**Your goal:** Repeat the data that follows exactly, starting at the line with "Ouvrez ou fermez" and ending at the line with "PSZOK w Tłuczewie", and leave out every picture.

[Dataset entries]

.....

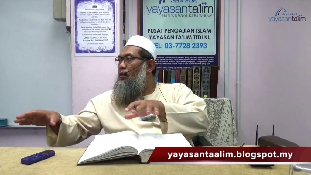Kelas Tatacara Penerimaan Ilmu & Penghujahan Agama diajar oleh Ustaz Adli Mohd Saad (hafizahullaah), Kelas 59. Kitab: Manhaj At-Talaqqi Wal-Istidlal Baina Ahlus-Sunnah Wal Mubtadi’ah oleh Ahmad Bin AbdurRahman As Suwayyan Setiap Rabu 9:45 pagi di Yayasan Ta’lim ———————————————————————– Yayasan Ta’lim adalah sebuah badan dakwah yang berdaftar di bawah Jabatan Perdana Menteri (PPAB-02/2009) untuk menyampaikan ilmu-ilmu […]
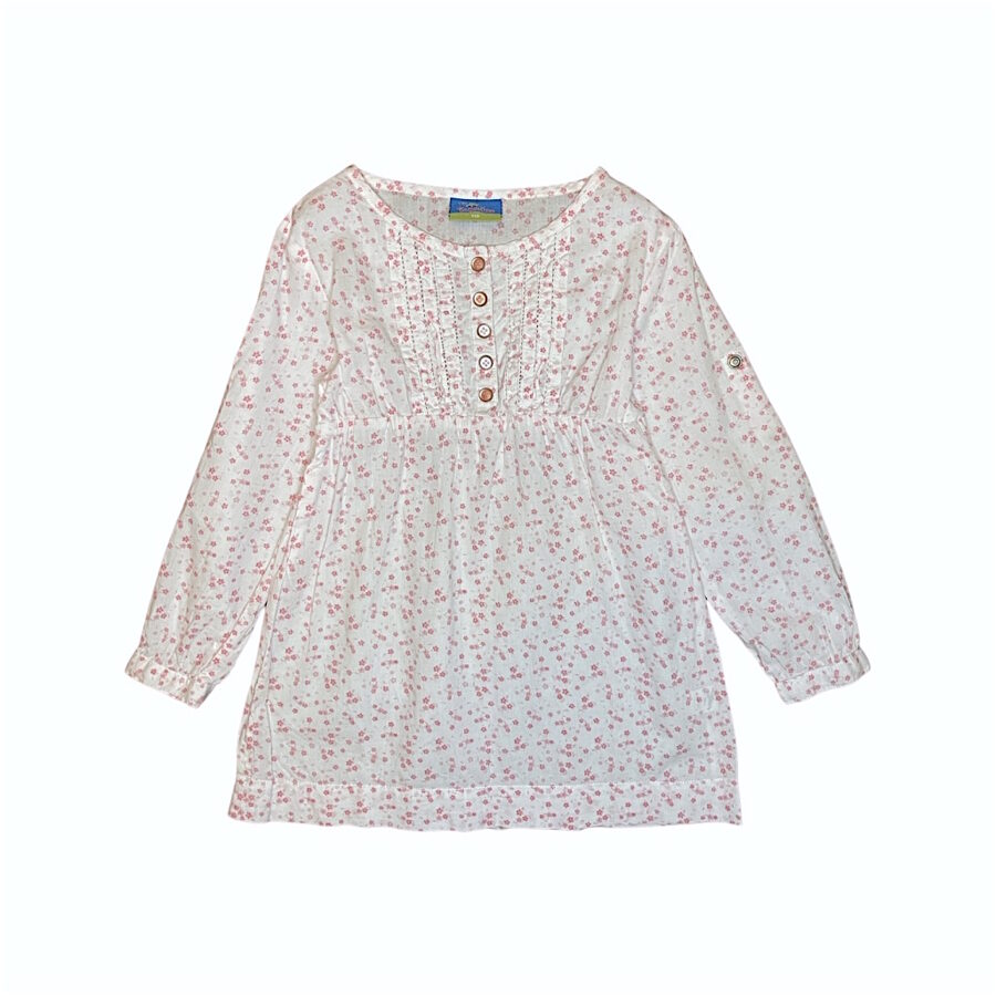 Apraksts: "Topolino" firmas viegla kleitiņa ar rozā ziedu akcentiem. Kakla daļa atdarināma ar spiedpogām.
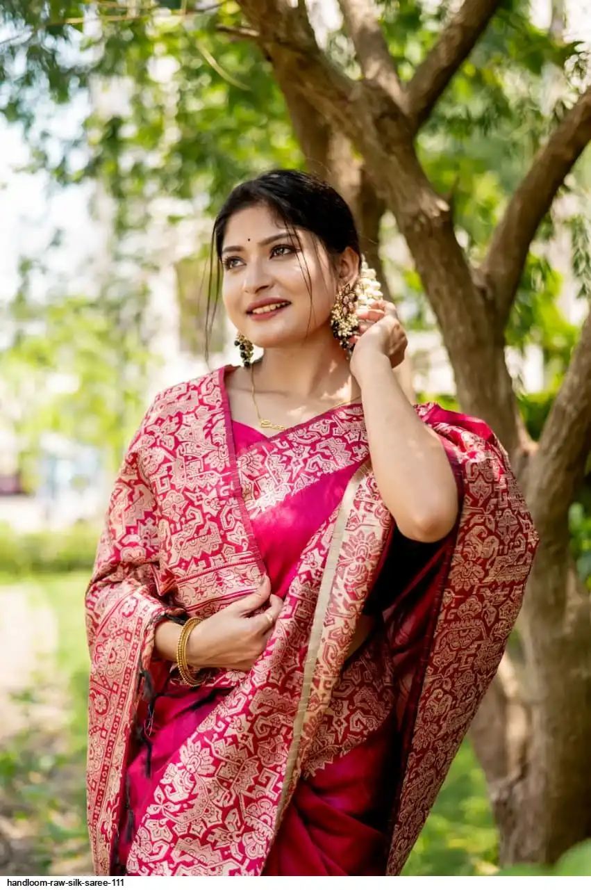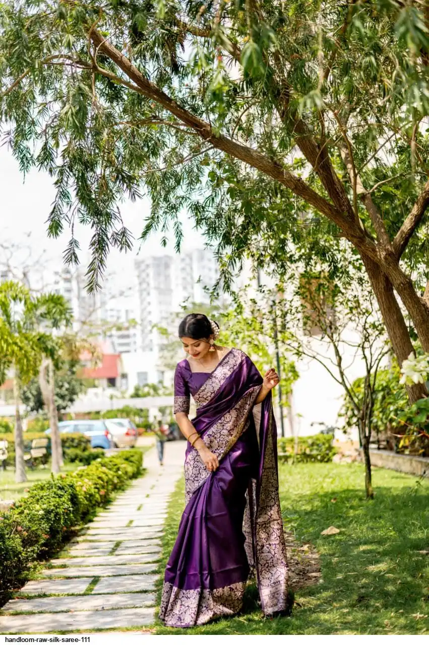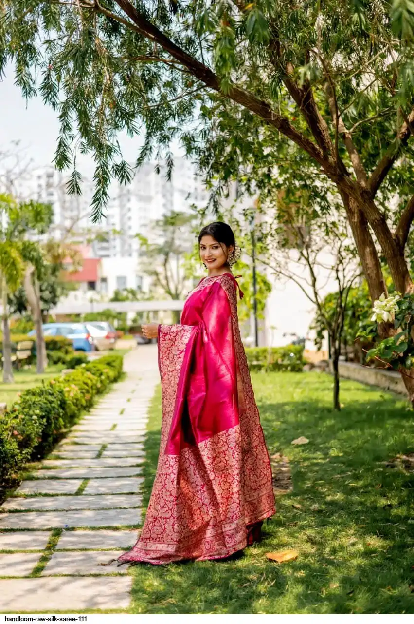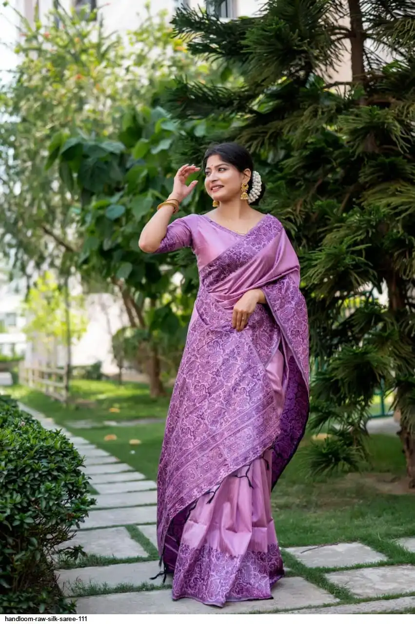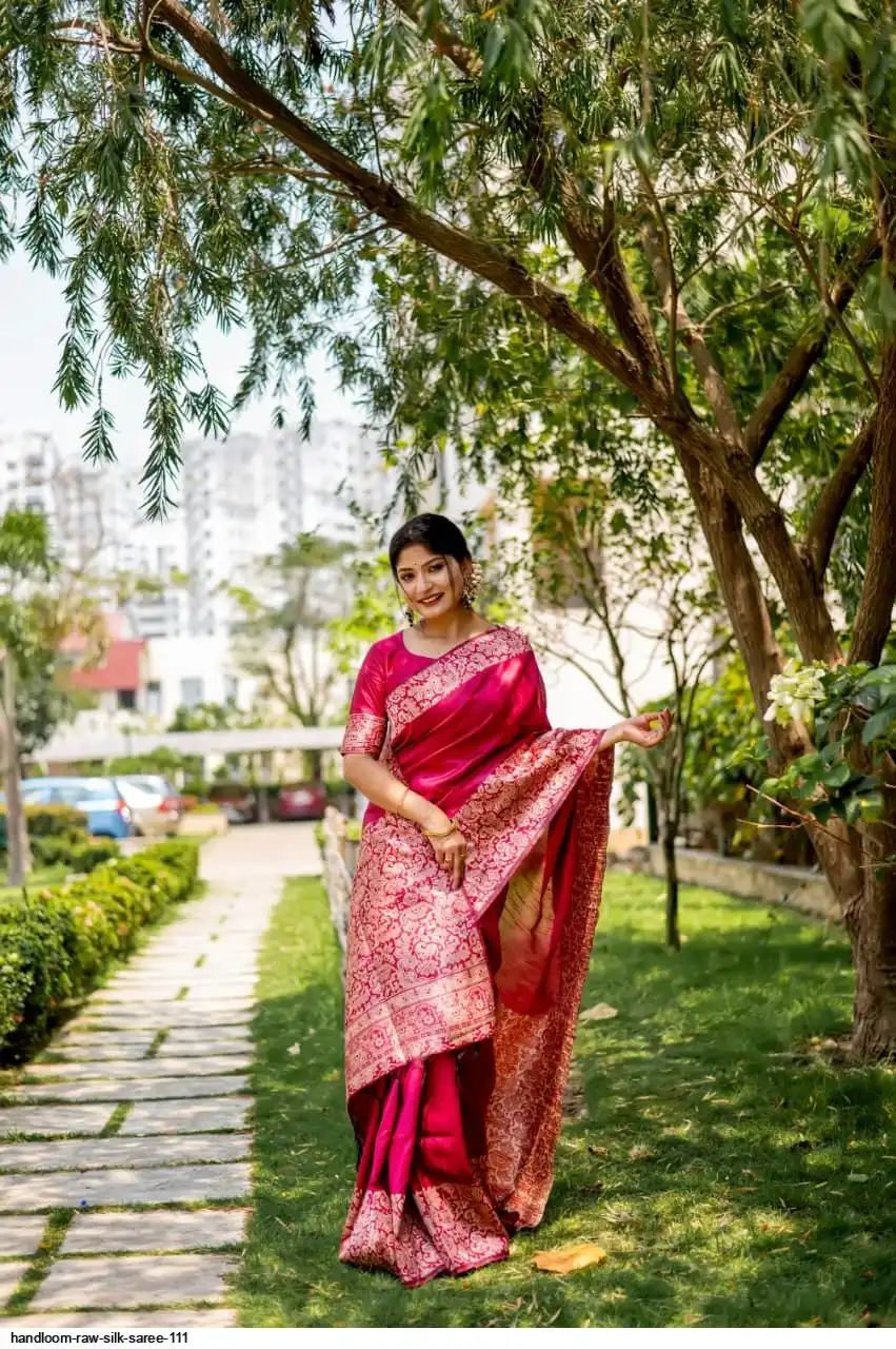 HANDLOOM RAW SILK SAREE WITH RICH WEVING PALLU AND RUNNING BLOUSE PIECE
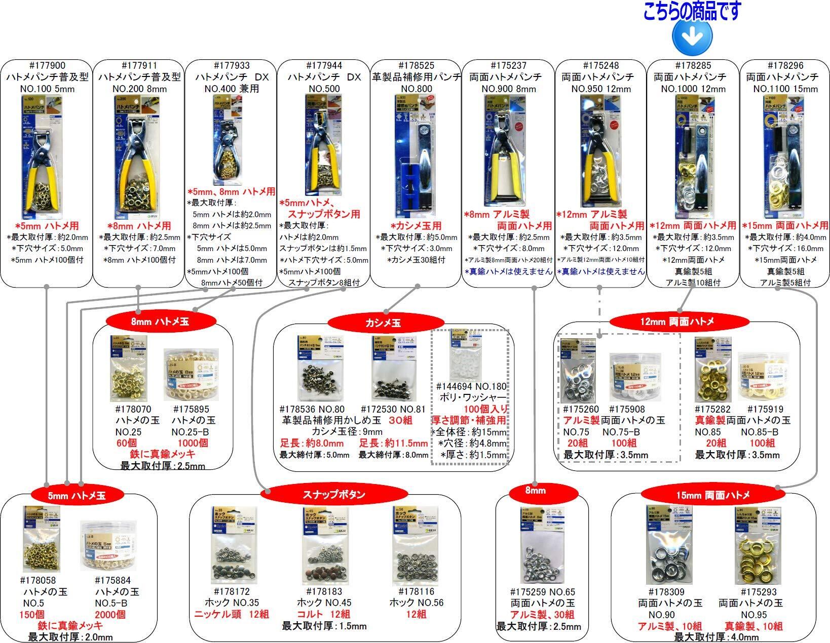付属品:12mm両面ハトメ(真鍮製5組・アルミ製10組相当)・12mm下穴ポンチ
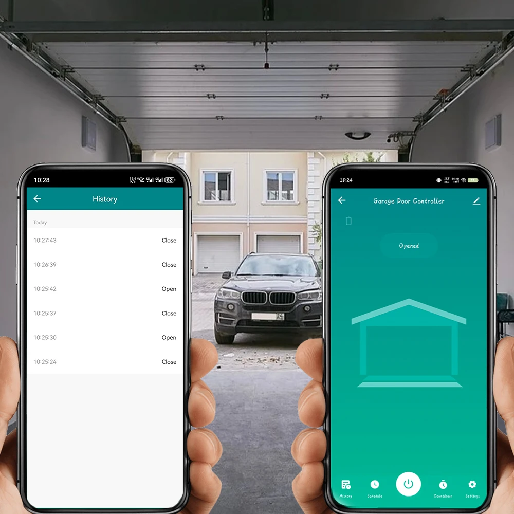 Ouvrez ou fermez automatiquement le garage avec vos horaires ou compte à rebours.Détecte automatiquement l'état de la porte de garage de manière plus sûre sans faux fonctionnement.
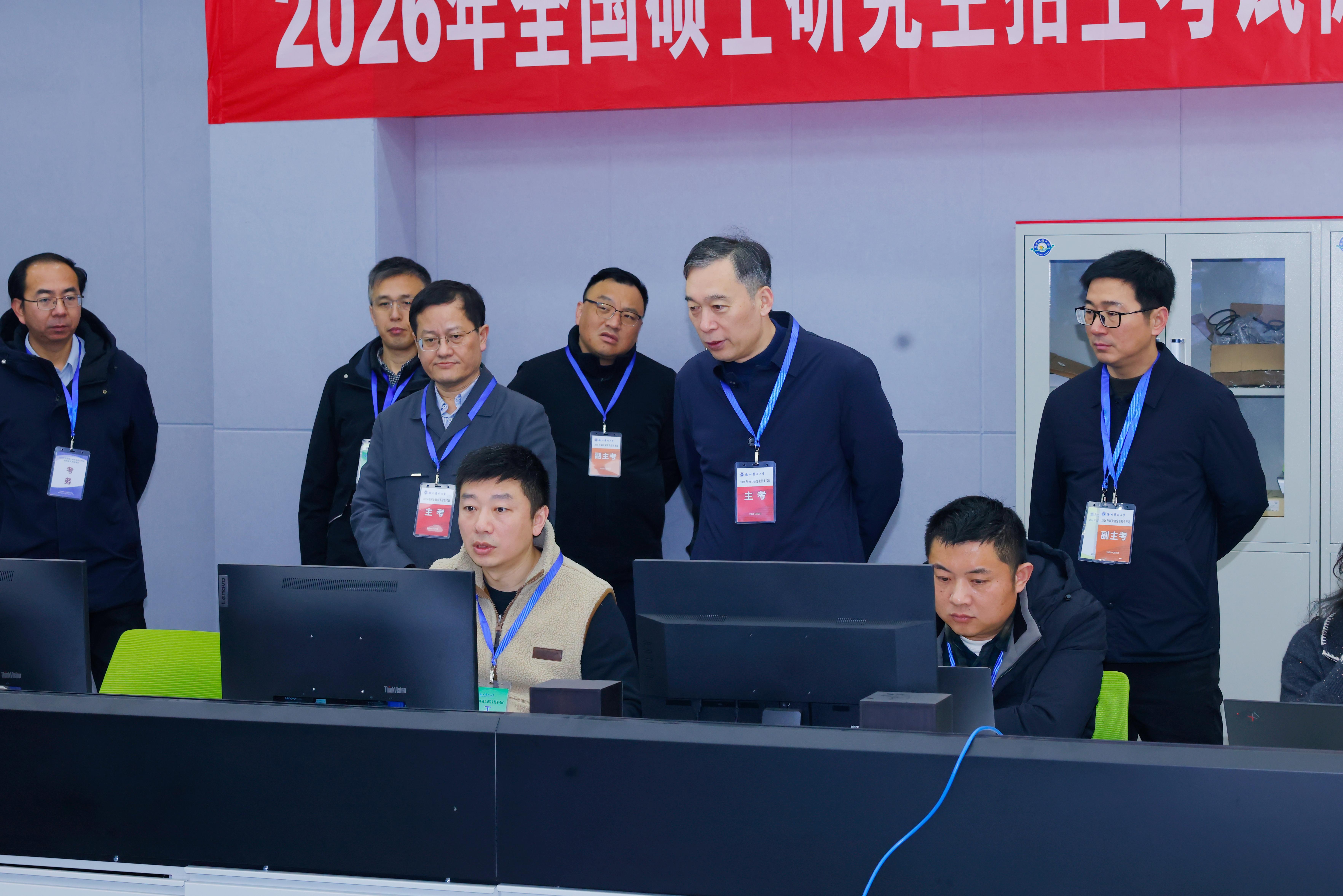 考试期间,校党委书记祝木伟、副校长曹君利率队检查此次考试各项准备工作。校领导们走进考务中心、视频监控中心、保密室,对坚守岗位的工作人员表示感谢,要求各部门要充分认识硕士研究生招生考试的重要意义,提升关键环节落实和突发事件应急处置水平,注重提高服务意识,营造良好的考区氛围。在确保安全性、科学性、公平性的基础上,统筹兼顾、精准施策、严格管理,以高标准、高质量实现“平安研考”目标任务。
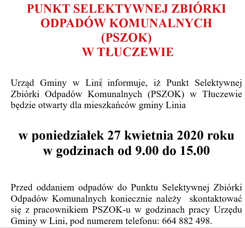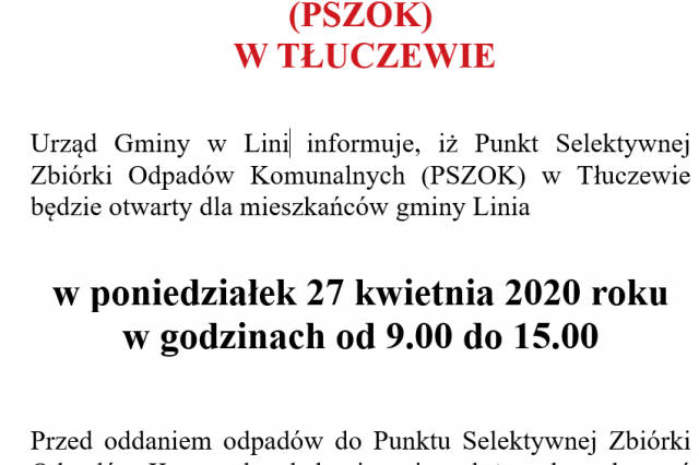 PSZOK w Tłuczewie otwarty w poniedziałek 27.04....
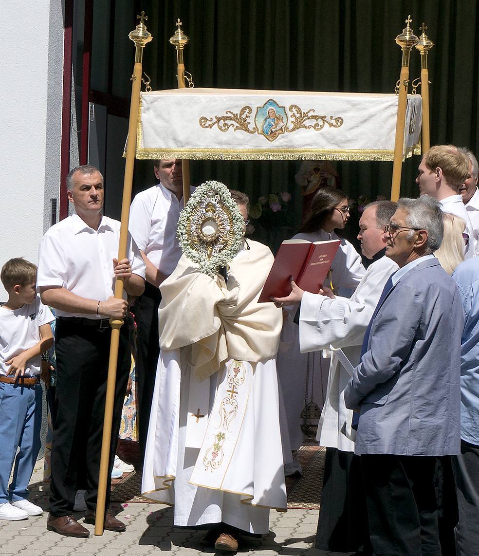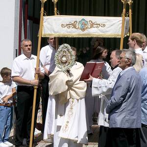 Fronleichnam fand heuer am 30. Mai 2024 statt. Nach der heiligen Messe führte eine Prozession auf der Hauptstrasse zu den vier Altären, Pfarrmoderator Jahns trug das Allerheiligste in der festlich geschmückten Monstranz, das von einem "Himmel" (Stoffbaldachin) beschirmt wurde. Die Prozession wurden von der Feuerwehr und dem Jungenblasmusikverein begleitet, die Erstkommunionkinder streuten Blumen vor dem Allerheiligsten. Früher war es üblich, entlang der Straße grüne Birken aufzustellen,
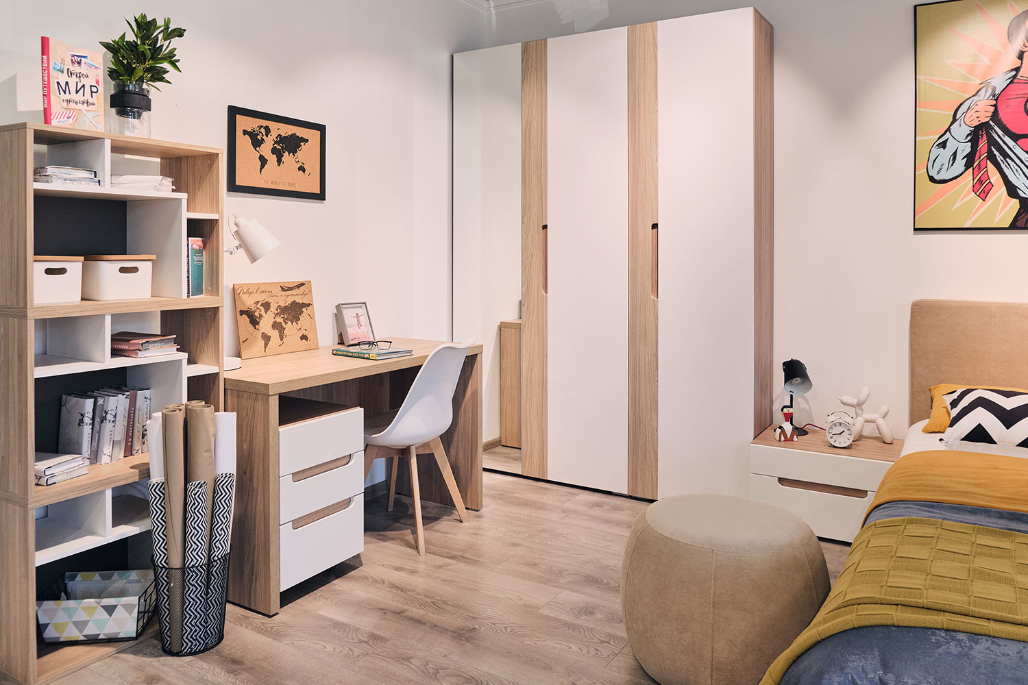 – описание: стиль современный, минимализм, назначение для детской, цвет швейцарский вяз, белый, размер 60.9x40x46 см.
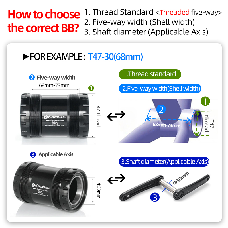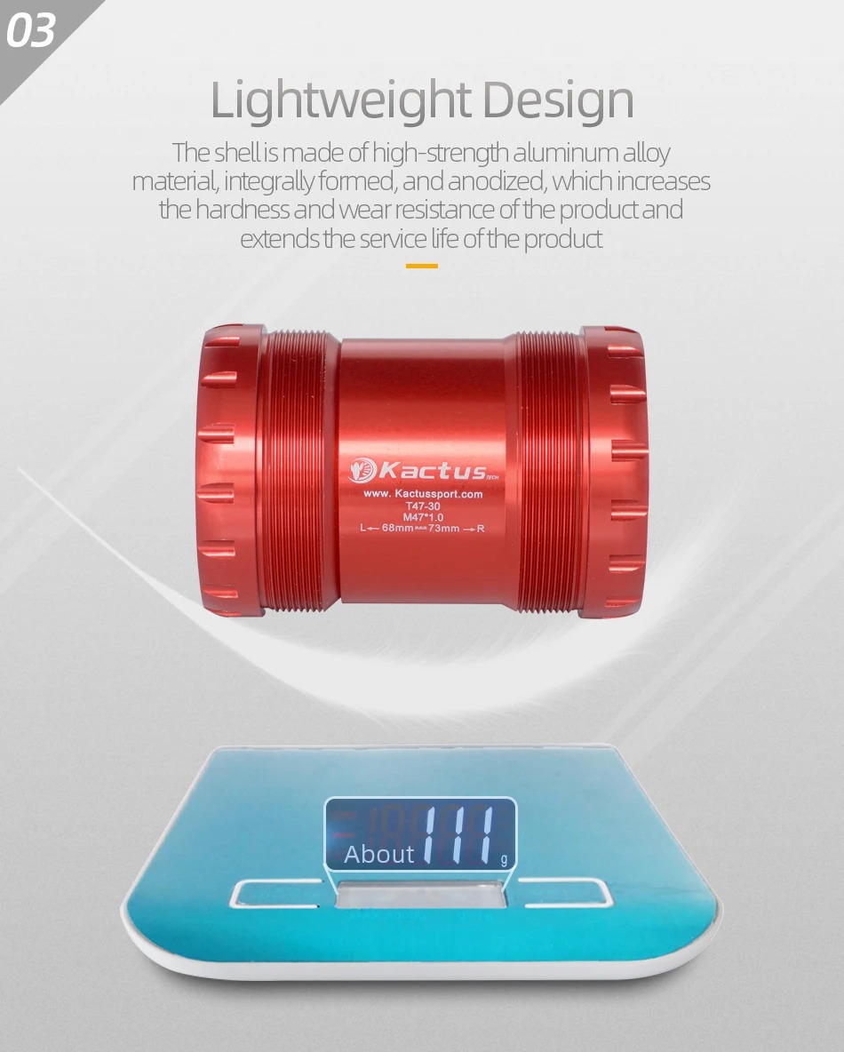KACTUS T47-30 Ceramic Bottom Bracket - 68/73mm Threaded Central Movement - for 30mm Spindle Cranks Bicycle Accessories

.....

**Reply to the task:**
 Ouvrez ou fermez automatiquement le garage avec vos horaires ou compte à rebours.Détecte automatiquement l'état de la porte de garage de manière plus sûre sans faux fonctionnement.
 考试期间,校党委书记祝木伟、副校长曹君利率队检查此次考试各项准备工作。校领导们走进考务中心、视频监控中心、保密室,对坚守岗位的工作人员表示感谢,要求各部门要充分认识硕士研究生招生考试的重要意义,提升关键环节落实和突发事件应急处置水平,注重提高服务意识,营造良好的考区氛围。在确保安全性、科学性、公平性的基础上,统筹兼顾、精准施策、严格管理,以高标准、高质量实现“平安研考”目标任务。
 PSZOK w Tłuczewie otwarty w poniedziałek 27.04....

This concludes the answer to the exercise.